- [Recorded information]:
____________________
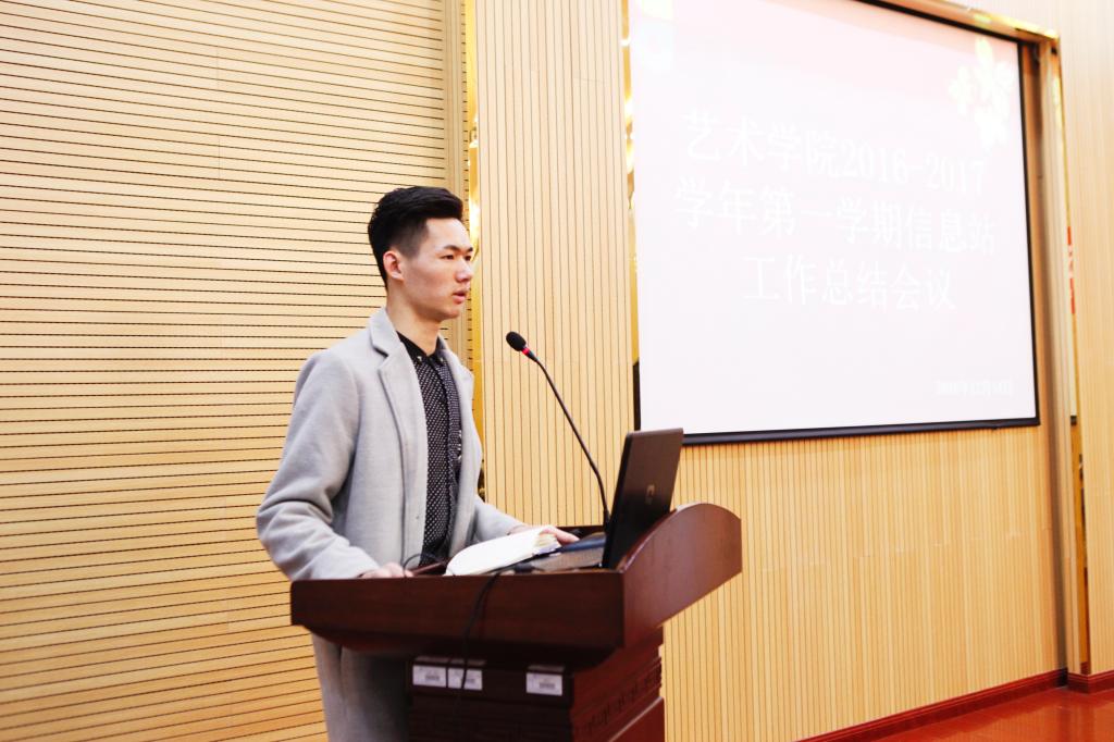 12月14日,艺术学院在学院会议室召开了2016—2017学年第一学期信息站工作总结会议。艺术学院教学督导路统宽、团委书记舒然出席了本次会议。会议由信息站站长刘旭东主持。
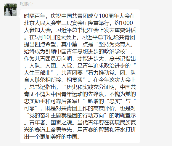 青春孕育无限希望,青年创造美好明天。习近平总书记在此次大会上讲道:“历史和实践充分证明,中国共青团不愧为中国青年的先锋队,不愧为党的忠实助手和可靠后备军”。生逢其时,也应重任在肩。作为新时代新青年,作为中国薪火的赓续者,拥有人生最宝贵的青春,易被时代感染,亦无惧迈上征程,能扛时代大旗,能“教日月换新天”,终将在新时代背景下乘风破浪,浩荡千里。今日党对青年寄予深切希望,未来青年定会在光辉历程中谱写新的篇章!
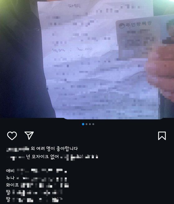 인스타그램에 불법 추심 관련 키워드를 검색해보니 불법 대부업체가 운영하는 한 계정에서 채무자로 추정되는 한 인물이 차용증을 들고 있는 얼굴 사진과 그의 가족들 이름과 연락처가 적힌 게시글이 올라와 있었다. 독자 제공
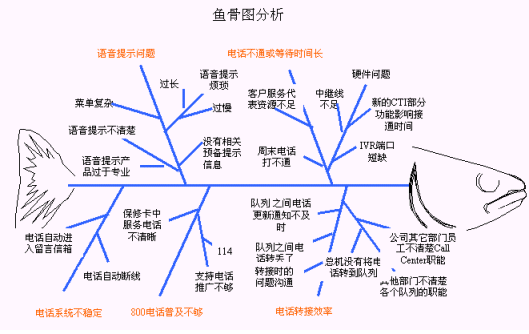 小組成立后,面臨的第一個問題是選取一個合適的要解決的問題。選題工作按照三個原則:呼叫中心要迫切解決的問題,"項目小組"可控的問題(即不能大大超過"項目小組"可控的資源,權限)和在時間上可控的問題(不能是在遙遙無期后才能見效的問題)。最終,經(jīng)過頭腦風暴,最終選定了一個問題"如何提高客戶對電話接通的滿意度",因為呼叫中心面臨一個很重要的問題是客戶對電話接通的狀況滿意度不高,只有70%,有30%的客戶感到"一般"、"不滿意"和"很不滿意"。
____________________
- [About this exercise]: Set the pictures aside and reproduce the data above exactly.

- [Written solution]:
 12月14日,艺术学院在学院会议室召开了2016—2017学年第一学期信息站工作总结会议。艺术学院教学督导路统宽、团委书记舒然出席了本次会议。会议由信息站站长刘旭东主持。
 青春孕育无限希望,青年创造美好明天。习近平总书记在此次大会上讲道:“历史和实践充分证明,中国共青团不愧为中国青年的先锋队,不愧为党的忠实助手和可靠后备军”。生逢其时,也应重任在肩。作为新时代新青年,作为中国薪火的赓续者,拥有人生最宝贵的青春,易被时代感染,亦无惧迈上征程,能扛时代大旗,能“教日月换新天”,终将在新时代背景下乘风破浪,浩荡千里。今日党对青年寄予深切希望,未来青年定会在光辉历程中谱写新的篇章!
 인스타그램에 불법 추심 관련 키워드를 검색해보니 불법 대부업체가 운영하는 한 계정에서 채무자로 추정되는 한 인물이 차용증을 들고 있는 얼굴 사진과 그의 가족들 이름과 연락처가 적힌 게시글이 올라와 있었다. 독자 제공
 小組成立后,面臨的第一個問題是選取一個合適的要解決的問題。選題工作按照三個原則:呼叫中心要迫切解決的問題,"項目小組"可控的問題(即不能大大超過"項目小組"可控的資源,權限)和在時間上可控的問題(不能是在遙遙無期后才能見效的問題)。最終,經(jīng)過頭腦風暴,最終選定了一個問題"如何提高客戶對電話接通的滿意度",因為呼叫中心面臨一個很重要的問題是客戶對電話接通的狀況滿意度不高,只有70%,有30%的客戶感到"一般"、"不滿意"和"很不滿意"。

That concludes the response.